Background
The kidney is the most common organ within the genitourinary system to be injured during trauma and occurs in 8–10% of patients with abdominal injuries [
1]. Blunt renal trauma is usually caused by sudden deceleration, leading to contusion or laceration of the renal parenchyma. Increasing recreational activities in our alpine region such as skiing and mountain biking lead to even more frequent blunt trauma accidents.

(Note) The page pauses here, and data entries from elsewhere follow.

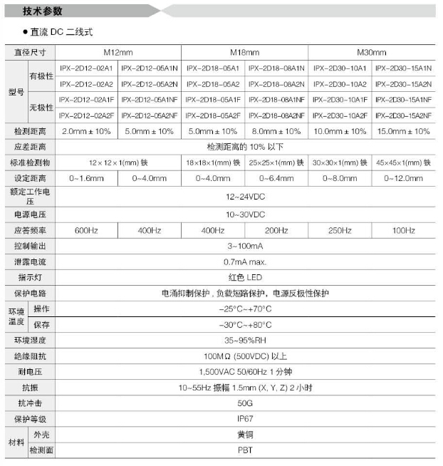 IPX-D12-06E1N,IPX-D18-08E1N,IPX-D30-10E1,IPX-2D12-02A1F,IPX-2D18-08A1NF,Koino圓柱形接近開關(guān)
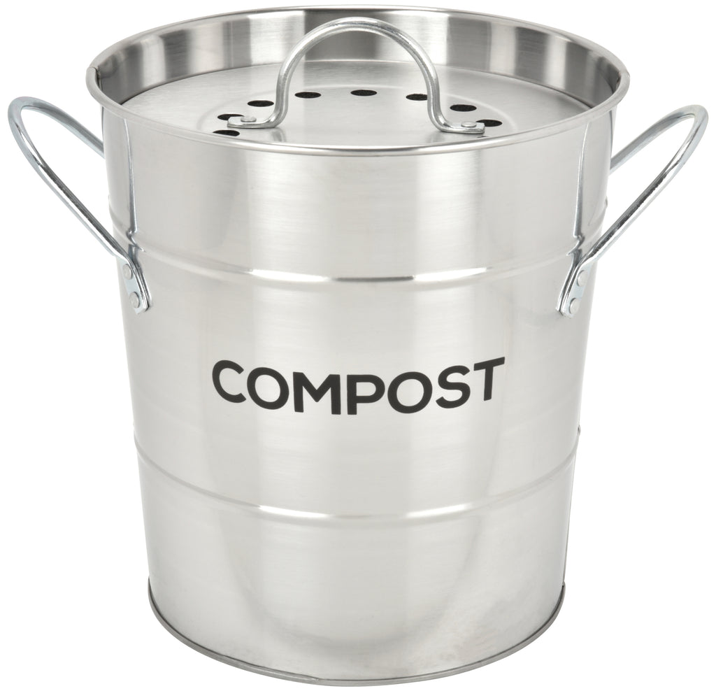 Meet a stylish environmental solution for recycling your kitchen waste and stop throwing away food scraps in the garbage! This compost bin is designed to be attractive enough to keep front and center on your countertop. The Compost Bin is used to store food scraps until they can be transferred to an outdoor composter. Its sturdy handles makes it easy to carry the compost bin outside and its removable lid to keep emptying simply. This isn’t your ordinary compost bin, it features, a removable and replaceable plastic bucket inside for easy cleanings, a lid with charcoal filter which absorbs and contains unpleasant odors making this a perfect addition to your kitchen. This compost bin can store more than fruit and vegetable peelings you can also use it for tea leaves, flowers and coffee grounds, even eggshells. After you’ve composted all your kitchen materials you can transfer the organic material to your outside compost bin and later return the nutrients back to the earth's soil. It’s attractive retro design with stainless steel finish complements most decor while still providing durability, so that this can last as your favorite compost bin for a very long time. This compost bin gives you the option to store it on your kitchen counter or inside your cabinet. Transfer your food scraps in style! The retro vintage design has a clean yet timeless design. Made with Stainless steel exterior and plastic basket inside. The compact size and small footprint is meant not to take too much counter space. The Charcoal filter is easily replaceable, Measures: 5.25 Inches Diameter. COLOR: Satin Silver. BUCKET CAPACITY: 1 Gallon, 4 Quarts, or 16 Cups. MEASUREMENTS WITHOUT HANDLES: 8.2x7.8 Inches, WITH HANDLES: 9.5x10 Inches.
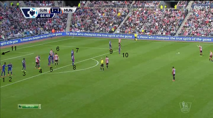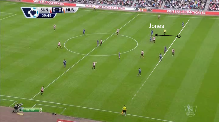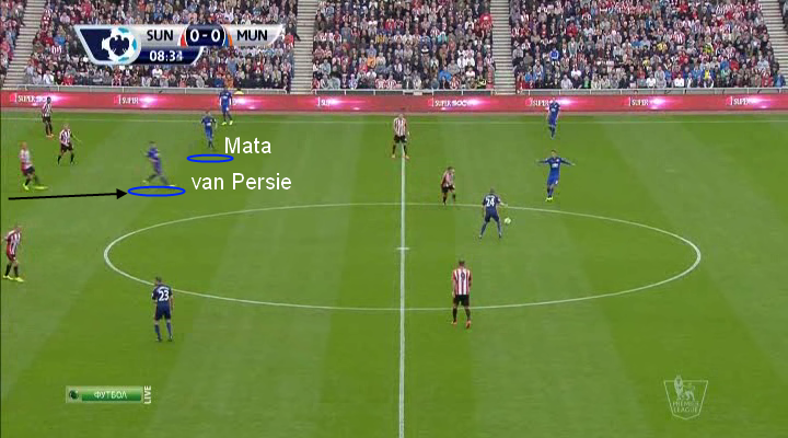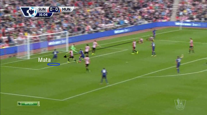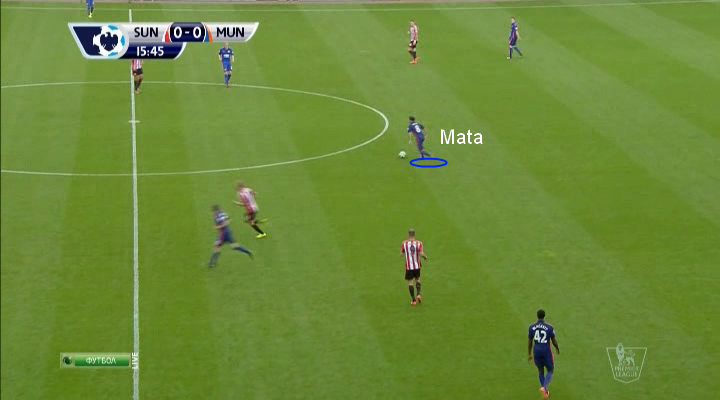 Игра стала больше строиться через центр, благодаря активности Янузая и опускавшегося глубоко Маты. Однако атакам «МЮ» катастрофические не хватало скорости в завершающей стадии, а медленные перебросы мяча с фланга в центр и из центра на фланг никак не способствовали растягиванию защитного построения «Сандерленда».
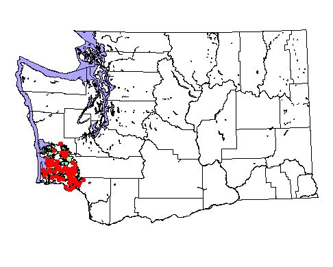 Washington Gap Analysis Project point locations All observations between 1800's - 1995 Historic record locations: 143 Total number of records: 195 |
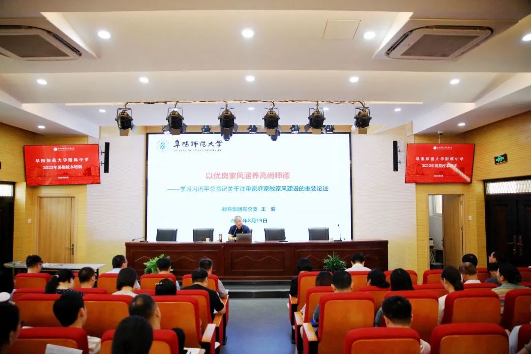 教育集团党总支书记王健在《以优良家风涵养高尚师德》的报告中,带领全体教师认真学习了习近平总书记关于注重家庭家教家风建设的重要论述,指出了教师在指导家庭教育中的职责和作用。同时告诫全体教师要慎独慎微,自我净化,修己达人;守住底线,不用公权为家庭谋私;抵制诱惑,淡泊名利,无欲则刚。希望全体教师有信念,懂自律,追求卓越,再创一流。
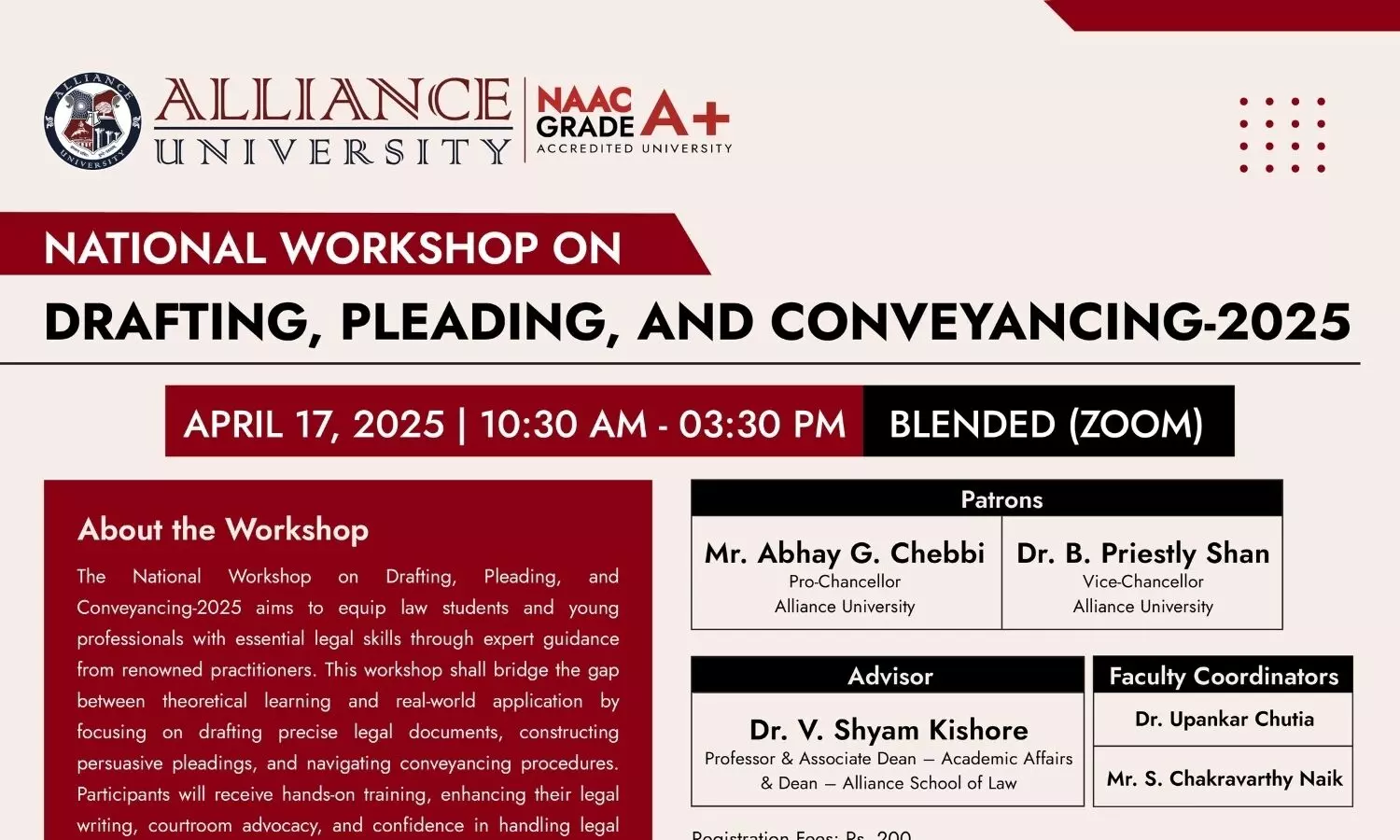 Alliance School of Law, Alliance University, Bengaluru, is organizing its National Workshop on Drafting, Pleading, and Conveyancing, scheduled to be held on 17th April 2025.

With nearly 50 million tourist nights spent per year and several referring hospitals in the region, the Medical University Hospital of Innsbruck stands as a high-volume level 1 trauma centre in the central alpine region. We already shared data of our experience with blunt renal trauma in children with one of the largest cohorts known [
2]. The American Association for the surgery of trauma (AAST) has implicated a radiological globally applied classification to define grades 1–5 of renal trauma [
3]. In the past few years, a switch from primary surgical interventions to a more conservative approach has been generally observed [
4]. Whereas low-grade trauma has always primarily been assigned to non-operative management, high-grade kidney injuries were often directly forwarded to immediate surgical intervention. In the past years, non-operative management including minimally invasive interventions such as stenting due to urinoma formation or angiographic coiling to control bleeding has become the established gold standard and treatment of choice for all haemodynamically stable patients, regardless of their primary injury grade [
5‐
8].
Management and clinical utility of repeat routine imaging in high-grade (grade 4 and 5) renal trauma remains a very controversial issue in current literature and data are lacking. Up to now, case series in adults use CT to follow-up renal trauma, although already in 2009, ultrasonography (US) was confirmed to be an efficient alternative modality to monitor blunt trauma in a paediatric cohort [
2,
9]. Whereas current EAU Guidelines on Paediatric Urology recommend a close follow-up with ultrasound 48 to 72 h after the initial CT scan in stable patients irrespective of trauma severity [
10,
11], the Guidelines of the American Urological Association (AUA) and the European Association of Urology (EAU) recommend early repeat imaging in high-grade injury within two to four days after trauma to minimize the risk of missed complications [
6,
12]. In patients with low-grade (grade 1 to 3) renal trauma, repeat CT imaging can be omitted as long as no symptoms occur according to current guidelines [
1]. However, these recommendations are based on a retrospective series from 2010 with 138 patients undergoing conservative treatment and repeat routine imaging more than 48 h after trauma [
13]. A few studies already gave first evidence that repeat CT imaging in uncomplicated also high-grade injuries is not justified [
13,
14]. Data of larger cohorts to emphasize this retaining patient management is yet lacking.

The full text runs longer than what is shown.